Chapter Three #3
Ruby sat perfectly still. There was no reason for her to speak, and truthfully, she couldn’t think of a thing to say.
She knew she’d given Uproar what it had wanted—a reaction.
Her surprise was icing on the cake. By tomorrow, she knew her blank-eyed, dimwitted reaction to the scandal would lead every report.
She’d look like an idiot from coast to coast.
She should have known it would be like this . . . her big break. What a joke. How could she have been so naive?
Finally, she heard Joe wrapping up. She blinked, trying to look normal.
“That’s all the time we have for today, folks. Tune in next week, when our subject will be communicating with the dead—possible? Or just plain fraud? Thank you.”
The applause sign lit up and the audience responded immediately, clapping thunderously.
Ruby rose from her chair and moved blindly across the stage. People were talking to her, but she couldn’t hear anything they were saying.
Someone touched her shoulder. She jumped and spun around.
“Ruby?” It was Joe. He was standing beside her, his handsome face drawn into a tight frown.
“I’m really sorry about ambushing you. The story broke yesterday.
It never occurred to us that you’d miss it.
Every station covered it, and since so much of your material is about your relationship with your mother . . .” He let the explanation founder.
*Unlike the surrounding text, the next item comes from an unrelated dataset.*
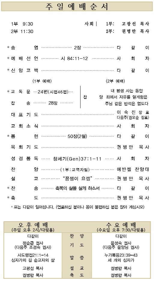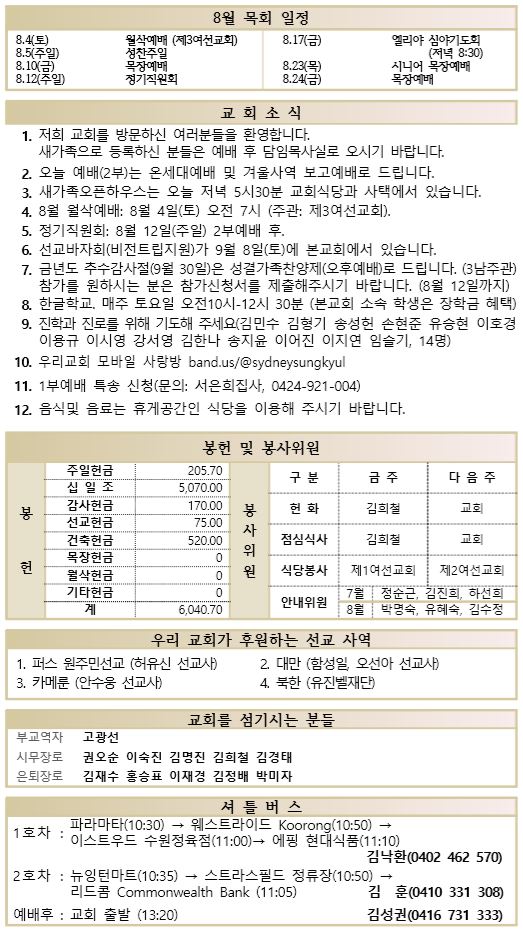 8.5 예배순서와 교회소식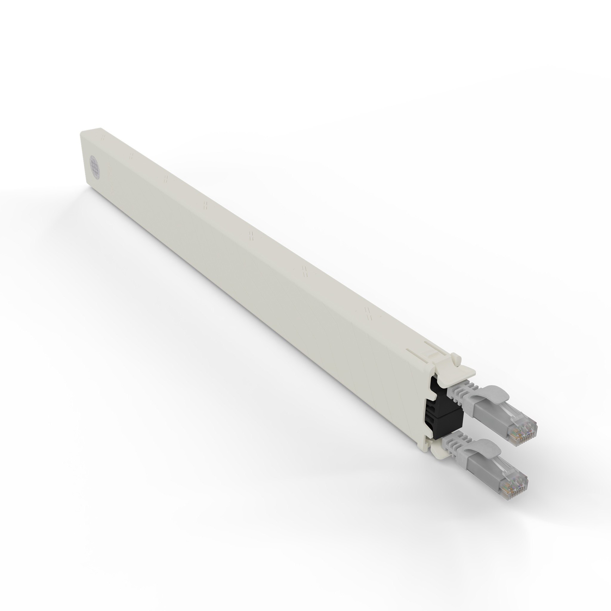 Skab din egen patchbox.one ved at fylde din Frame med op til 24 kabelcassettes. Du kan vælge mellem forskellige kabeltyper, farver, stiktyper og kabellængder. Med det modulære system kan du udskifte cassettes på få sekunder og nemt tilpasse racket efter behov. Cat.6a-kablerne i cassettes opfylder ISO-standarderne, og du kan forsyne enheder med PoE (STP) og PoE++ (UTP) eller vælge de mest fleksible og bøjningsfølsomme fiberoptiske kabler, der findes, fremstillet af Corning® ClearCurve® Fiber.

“I turned off my phone and television,” she answered, then added, “I was getting ready for the show.” He sighed. “You thought this was your big break.
And it turned out—”
“Not to be.” She cut him off. The pity in his eyes was more than she could bear. She knew he used to be a stand-up comic himself; he knew exactly what had happened. She didn’t want her disappointment cemented into words she’d remember forever.
“You know, Ruby,” he said, “I’ve seen your act a few times. The Comedy Store, I think. Your material’s good.”
“Thanks.”
“Maybe you should think about writing, like for a sitcom. They could use your talent at the networks.”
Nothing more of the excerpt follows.